In fact, also thanks to the awareness and work of these circles, the need to bring the bodies and stories of women into the public space. But Bianca Leonardi also has something to say about the donation of sanitary pads to Ukrainian women: "The purchase of sanitary pads during a war seems a bit apologetic. In short, aid and volunteering are welcome but they are not instrumental for the purposes of fake respectability: on Ukrainian lands hundreds of people are dying every day, families do not have food, children do not have water and food. Maybe the champions of the "redheads" have not, perhaps, paid attention to these small details? " .

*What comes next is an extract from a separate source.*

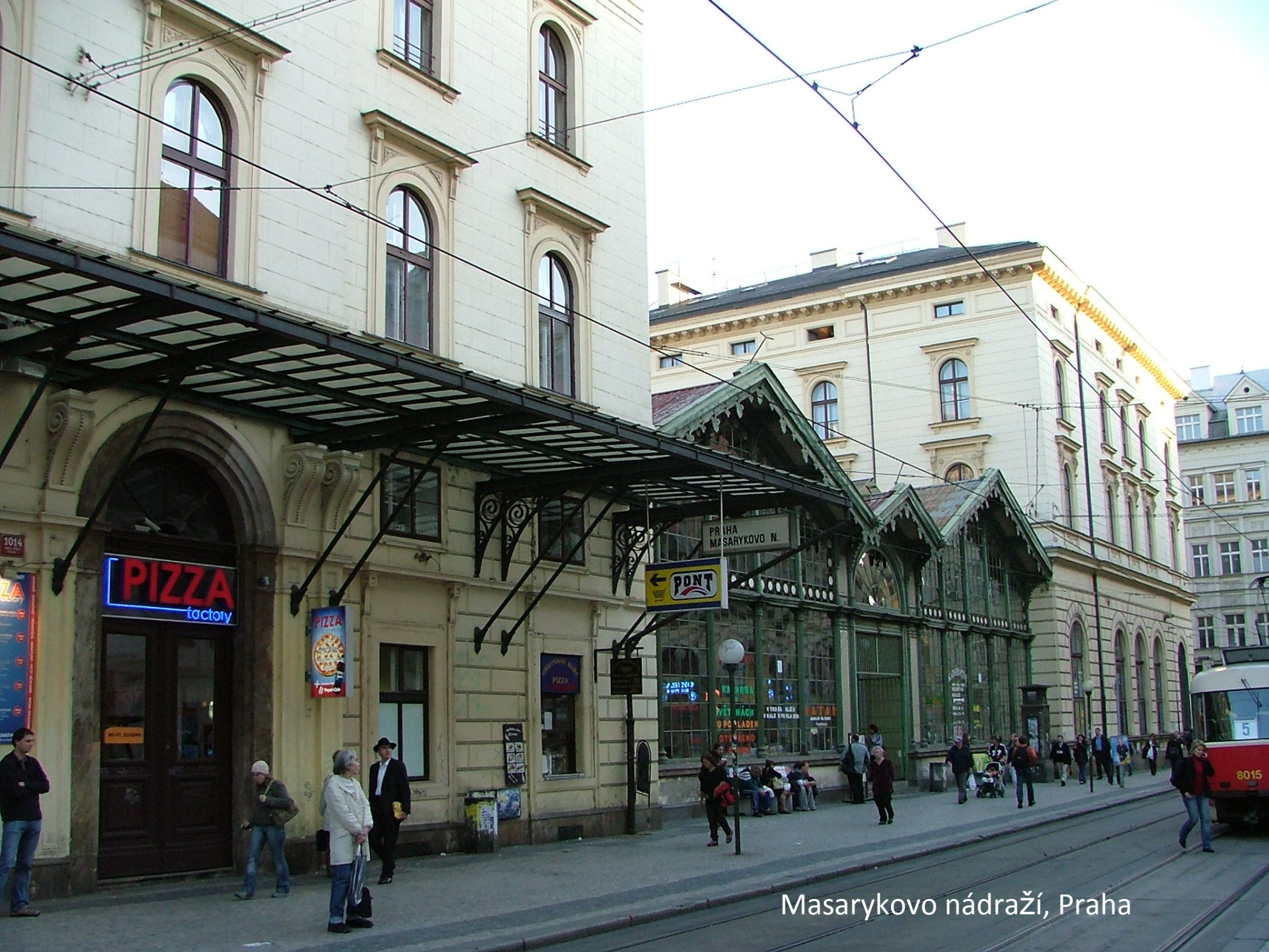
Masarykovo nádraží, Praha

Yet various associations have long denounced how during conflicts, the lack of sanitary pads is a problem for many women. As Alessia Ferri recalls on Vanity Fair, according to a 2017 Global One study, 60% of Syrian and Lebanese refugees did not have access to clean underwear and an even greater number did not have access to sanitary towels, "added to this is the fact that war represents a very stressful condition that inevitably also affects the menstrual flow which can become more painful or abnormal and require the use of drugs that are also unavailable ".

In short, while the taboo of menstruation for us who live in a period of peace represents a problem, for refugee women, for those committed to front and for those who flee there is a war, it can represent a real tragedy. For this reason, moments of aggregation and awareness are more necessary than ever, such as the Festival of the menstrual cycle. because knowing is needed, but creating a network is essential to progress together.